= Tim Thornton (musician, born 1973) =

English musician, composer and novelist (born 1973)

Tim Thornton (born 1973) is an English musician, composer and novelist. He is best known as the drummer and guitarist for the English indie act Fink.

==Early life==
He was born in Darlington. After a boarding-school education, he completed a degree in drama.

==Musicianship==
In 2012, Thornton's music for the British short film Fish! was nominated for Best Score (Short Film) at the Idyllwild International Festival of Cinema and gained an Honorable Mention. In 2016 Thornton scored the music for another short film, The Five Wives and Lives of Melvyn Pfferberg, directed by Damian Samuels and starring Brooke D'Orsay and Callum Blue.

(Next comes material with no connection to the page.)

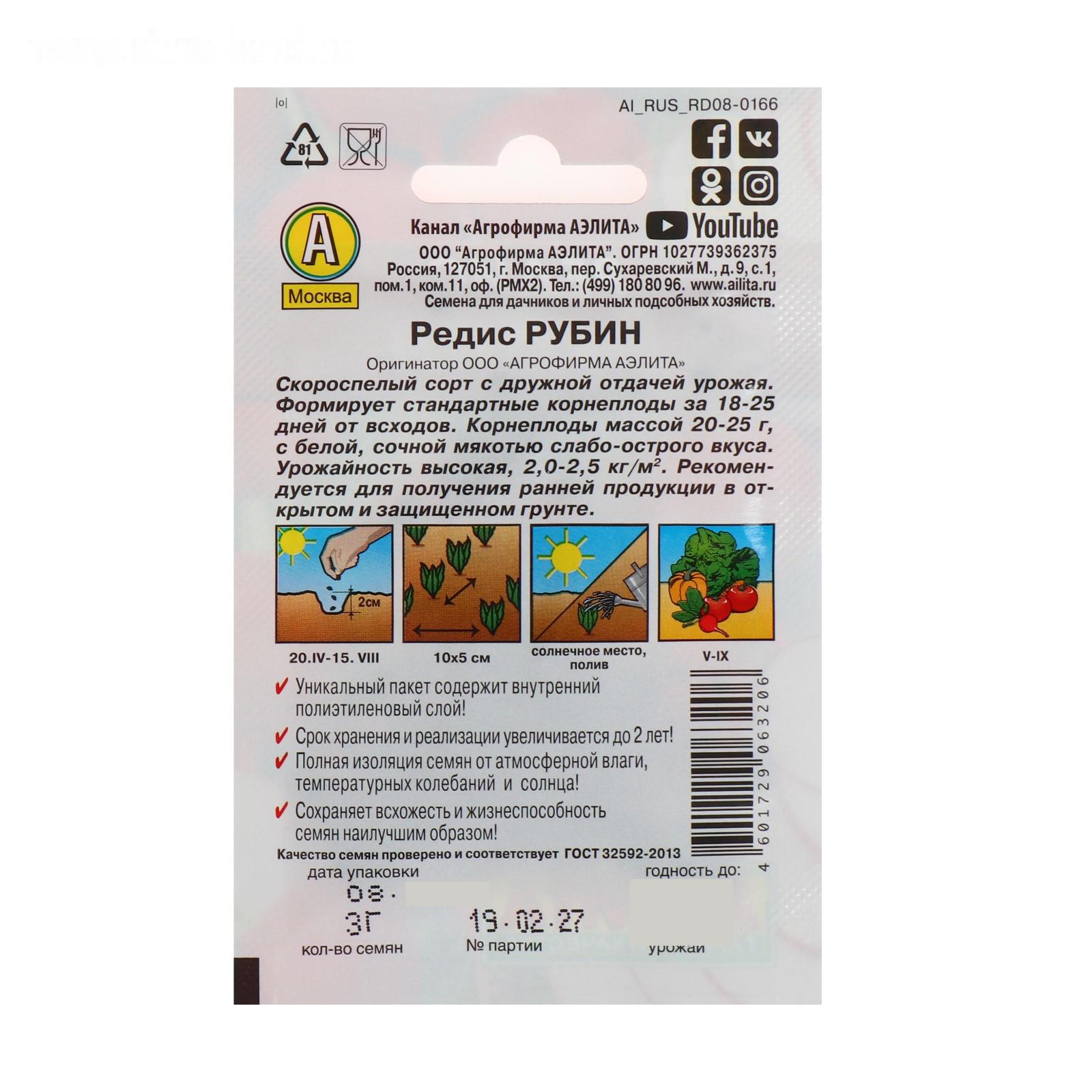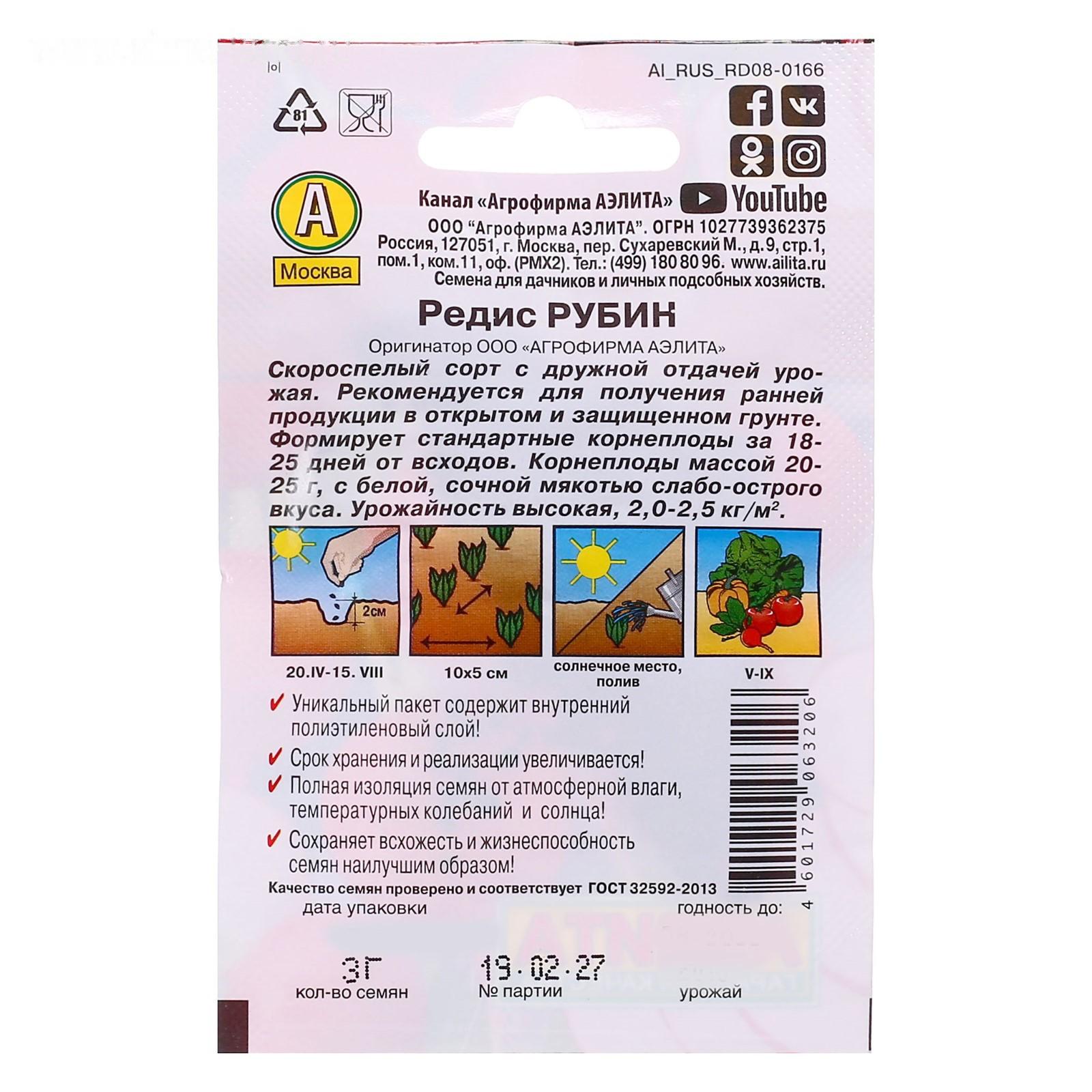 Семена Редис "Рубин" "Лидер", 3 г ,

In 2006 Thornton was asked by a friend, singer/songwriter Fin Greenall of Fink, to contribute drums to the band's album Biscuits for Breakfast. He has been the band's drummer ever since, appearing on six studio albums for Ninja Tune: Biscuits for Breakfast (2006), Distance and Time (2007), Sort of Revolution (2009), Perfect Darkness (2011), Hard Believer (2014) and Resurgam (2017). Perfect Darkness was described by the BBC as "a writhing, surprisingly meaty addition to the over-crowded singer-songwriter genre".

==Writing==
Thornton's debut novel The Alternative Hero (Jonathan Cape/Knopf, 2009) was described by The Guardian as "the indiest book of all time". It follows a young man's obsession with a band. His second novel, Death of an Unsigned Band, was published by Cape in July 2010. This also has a music-industry setting.

His third novel Felix Romsey's Afterparty was published by Unbound in Spring 2018.

Thornton is a regular blog contributor to The Huffington Post.